1. Poe wanted to increase Montresor's difficulties in consumating his crime by making the victim conspicuous, even having bells on his cap.
2. People choose masquerade costumes to suit their characters. Fortunato likes to make jests like the court jesters of old. Some of these can be cruel. No doubt Fortunato's jests are among the "thousand injuries" Montresor has suffered.
3. Poe describes the costume as "tight-fitting." This would show that Fortunato is unarmed, while Montresor has a sword under his cloak.
4. The tight-fitting costume made it easy to confine Fortunato tightly against the wall with two lengths of chain only two feet apart. This would prevent Fortunato from interfering with the wall-building in that very confined space. If Fortunato had been wearing a cloak or heavier clothing, there might have been a danger of his slipping out of the single chain around his waist.

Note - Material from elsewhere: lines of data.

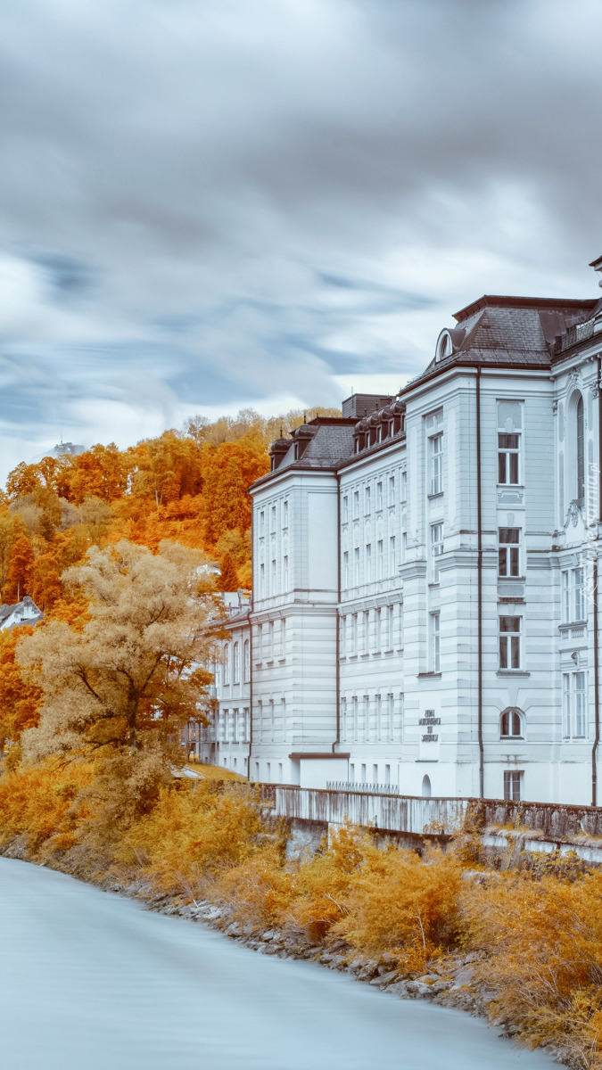 Edytor tapety: Domy i jesienne drzewa nad kanałem
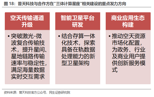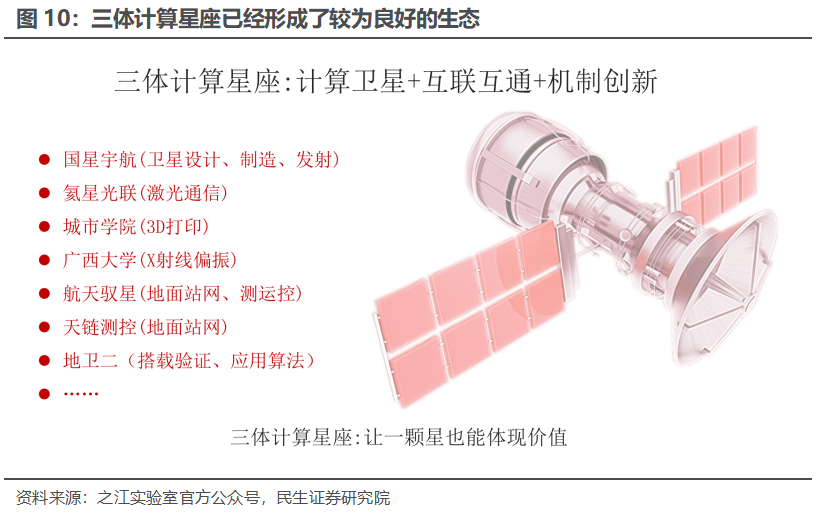 三体计算星座目前已经在空天计算领域形成了良好的生态,之江实验室和普天科技、国星宇航、氦星光联等多个合作方合作,共同推动三体计算星座的快速发展。1)三体计算星座计划构建一个覆盖全球的太空计算网络,通过星间激光高速互联、星座稳定组网、算力分布式调度,让数据在空中实时传输、运算,即时传回地球,打造开放共享的太空计算系统,构建天基智能计算基础设施,为未来的高级太空活动提供天基计算服务及大规模实时协同支持。2)之江实验室的两大重要参与者是浙江大学和阿里巴巴。中国工程院院士、全国政协委员、之江实验室主任、阿里云创始人王坚博士表示,人工智能跟制造业的结合是新的产业,将人工智能和航空航天产业结合则是发展的重要目标。
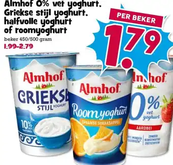 Nu in de aanbieding bij Boon`s Markt: Almhof 0% vet yoghurt. Griekse stijl yoghurt, halfvolle yoghurt of roomyoghurt✅ Actie geldig van 20-04 t/m 26-04.
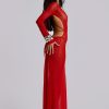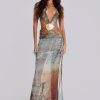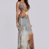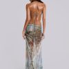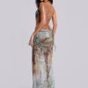 Printed plunge maxi dress which features real shell trim and beaded hip chains.
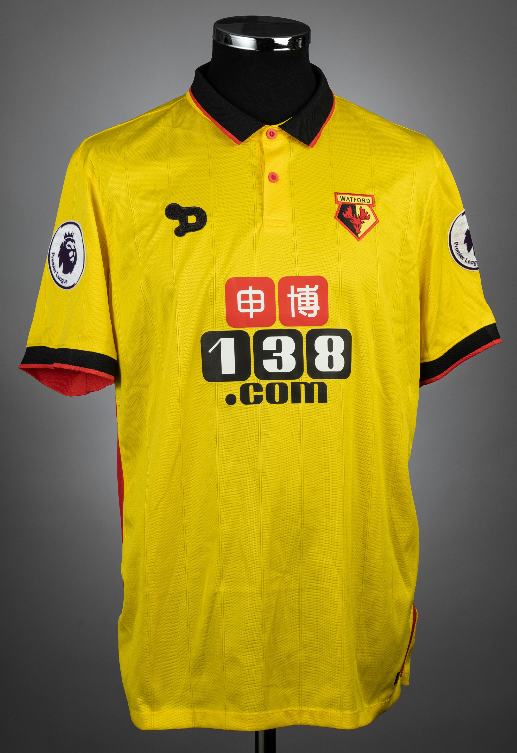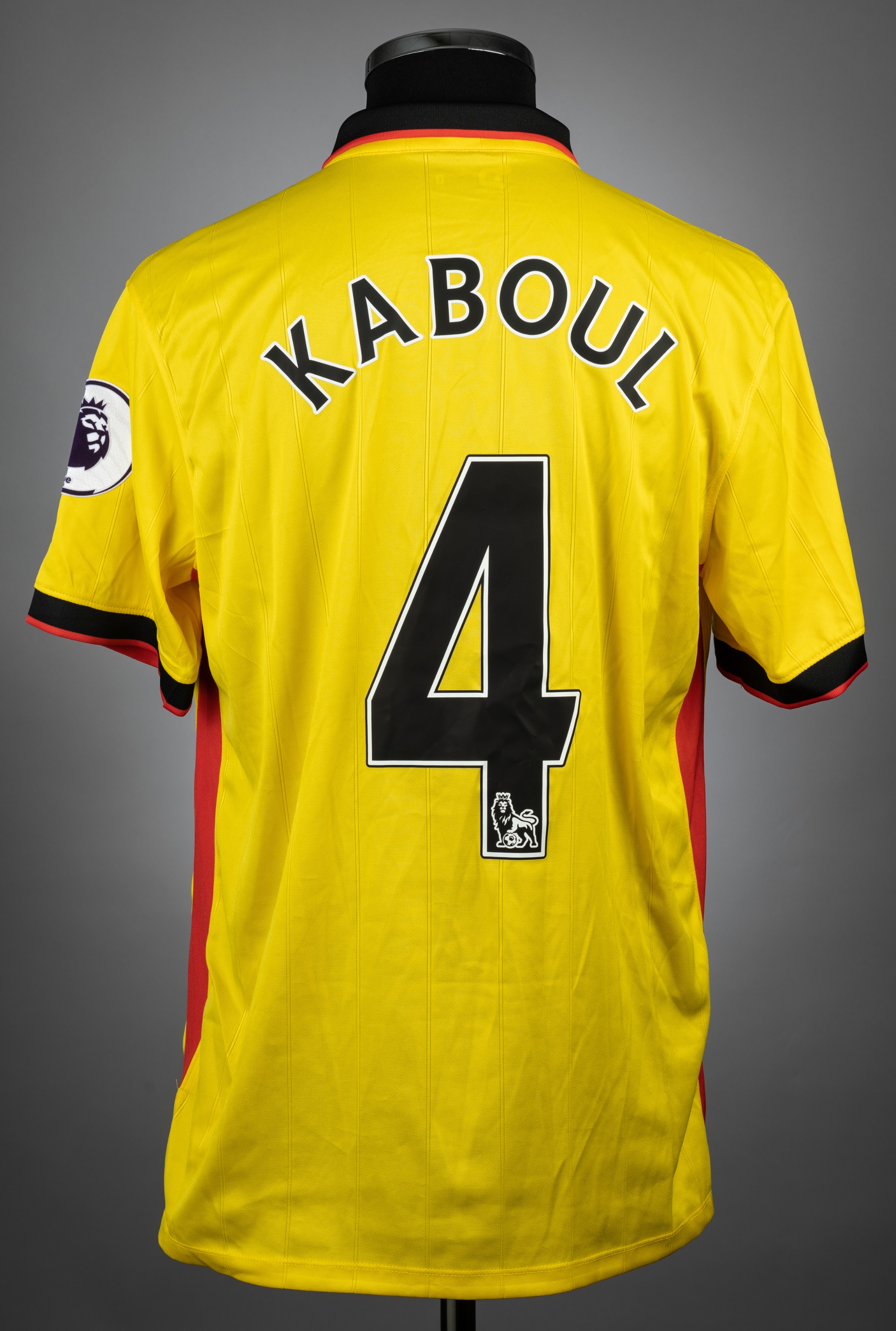 Younes Kaboul yellow, black & red Watford no.4 jersey v Sunderland, played at Vicarage Road, on 1st April 2017, match-issue, Dryworld, short-sleeved with PREMIER LEAGUE sleeve badges, club crest and sponsor logo, reverse lettered KABOUL, size L Watford defeated Sunderland 1-0.
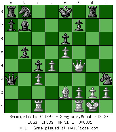 Last move : 0-1 2012 December 15 14:58:55 [Event "FICGS__CHESS__RAPID_E__000092"] [Site "FICGS"] [Date "2012.12.09"] [Round "1"] [White "Bromo,Alexis"] [Black "Sengupta,Arnab"] [Result "0-1"] [WhiteElo "1129"] [BlackElo "1243"] 1.d4 d5 2.c4 c6 3.Nc3 Nf6 4.Nf3 e6 5.Bg5 dxc4 6.e4 b5 7.a4 Bb4 8.e5 h6 9.Bh4 g5 10.Nxg5 hxg5 11.Bxg5 Bxc3+ 12.bxc3 Qa5 13.Qf3 Ne4 14.Rc1 Nxg5 15.Qf6 Rg8 16.axb5 Qa3 17.Qf4 cxb5 18.Be2 Bb7 19.O-O Nh3+ 0-1 QGD Slav defense Kingside Castling by player White (move 19) Player Black won this chess game. Follow this game move after move (download)Pawns: they are the soul of this game, they alone form the attack and defense. (Philidor) Ein bischen Romantik kann weder im Schach noch in der Liebe schaden. Also versuche ich mich ab und zu daran zu erinnern. (Nigel Short) No es una movida, aún la mejor movida que tu debas buscar, sino un plan comprensible. (Eugene Znosko-Borovsky) Le génie consiste à savoir transgresser les règles au moment opportun. (Teichmann) Lottery : A tax on people who are bad at math. (Author unknown)
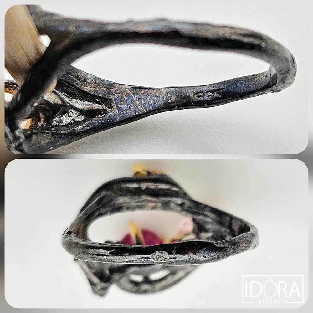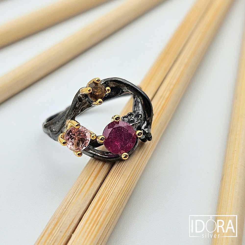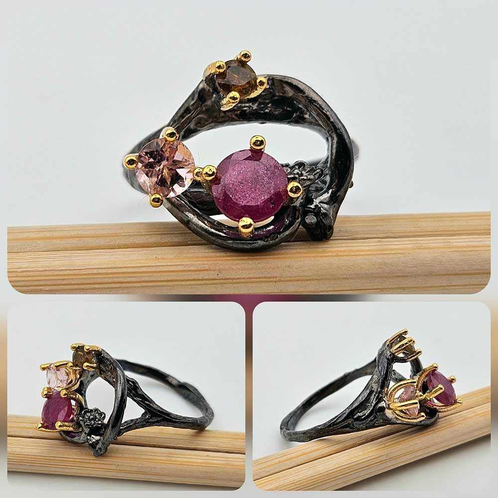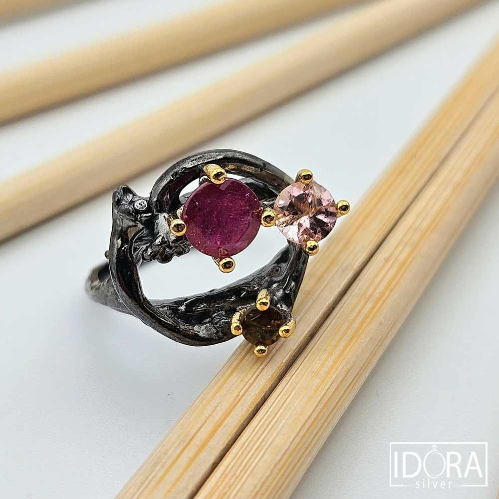 Фасетирани РУБИН, ТУРМАЛИН и СУЛТАНИТ – три камъка със собствен характер и магия – са нежно прегърнати от плътни сребърни лиани, вплетени в композиция, наподобяваща застинал танц върху цветя. Покритието от черен родий придава дълбочина и драматичност, докато фините акценти от позлата подчертават игривите цветови отражения и хармонията между камъните. Резултатът е бижу със силно артистично излъчване – съчетание от природа, символика и изящество, където всяко движение на светлината разказва нова история.
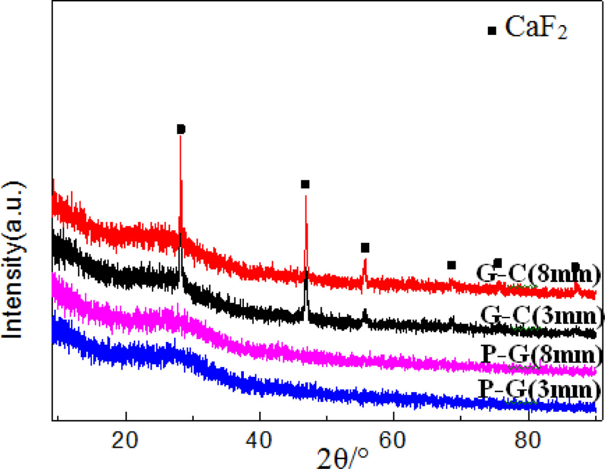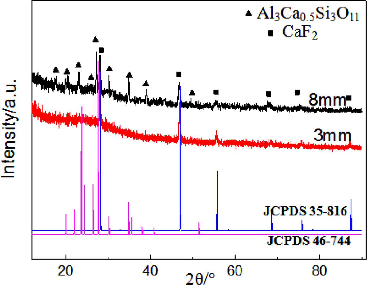 Where D is grain size, k is the Scherrer constant taken to be 0.89, λ is the wavelength of X-ray, β is the width of half height, and θ is the angle of diffraction. The grain size of ceramic glass with different thickness (8 mm, 3 mm) is approximately 50 nm and 20 nm; in order to analysis the internal phase composition of the glass ceramic, we precisely cut the 8 mm thick glass ceramics, so does 3 mm thick glass ceramic for com- parison. We found the XRD patterns (Fig. 8) about the milky area of 8 mm thick glass ceramic is interesting, it can be learned, in addition to larger grain size (60 nm) CaF2 nanocrystalline precipitated in interior, it also precipitated Calcium Aluminum Silicate (Al3Ca0.5Si3O11) phase; but for glass ceramic of 3 mm, there was only CaF2 crystal phase inside it. So, it’s identified the microstructure and phase composition of inner and surface of 8mm thick glass ceramic are different, which is harmful to materials.
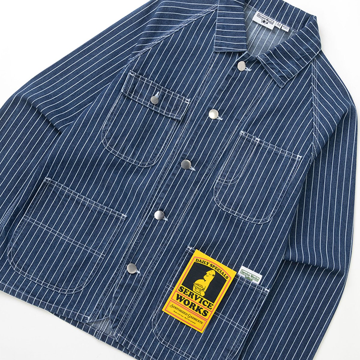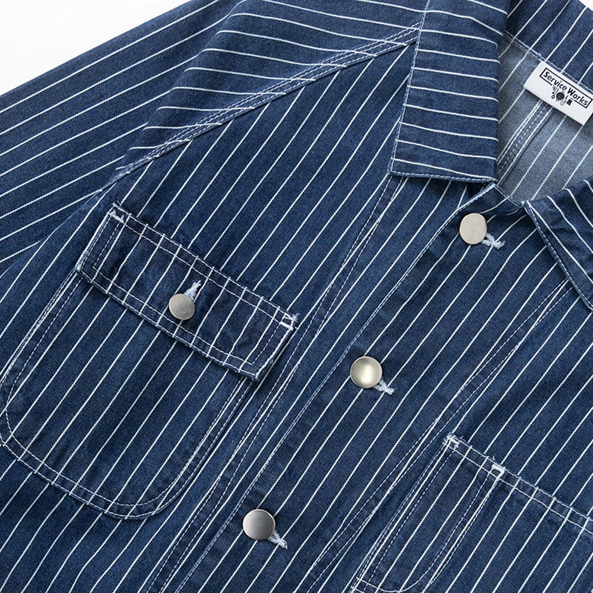Service Works . Pinstripe Denim Coverall Jacket . Indigo
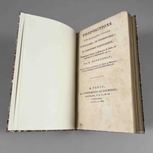 [Médecine] Georges Dupuytren, Propositions sur quelques points d’anatomie, de physiologie et d’anatomie pathologique. Paris, imp de Migneret, an XII - 1803. In-8, 32p. Rare plaquette, cartonnage plein papier moderne.

5. Fortunato is not a fool. Montresordescribes him as "a man to be respected and even feared." The costume characterizes him as a jokester, a man who enjoys playing jokes on people. At the end he pretends to believe Montresor is only playing a joke on him, and he compliments him on "a very clever jest," like a connoisseur of jests. He wants to give Montresor a plausible excuse for changing his mind and releasing him, although he does not not for a moment believe this entrapment is a jest.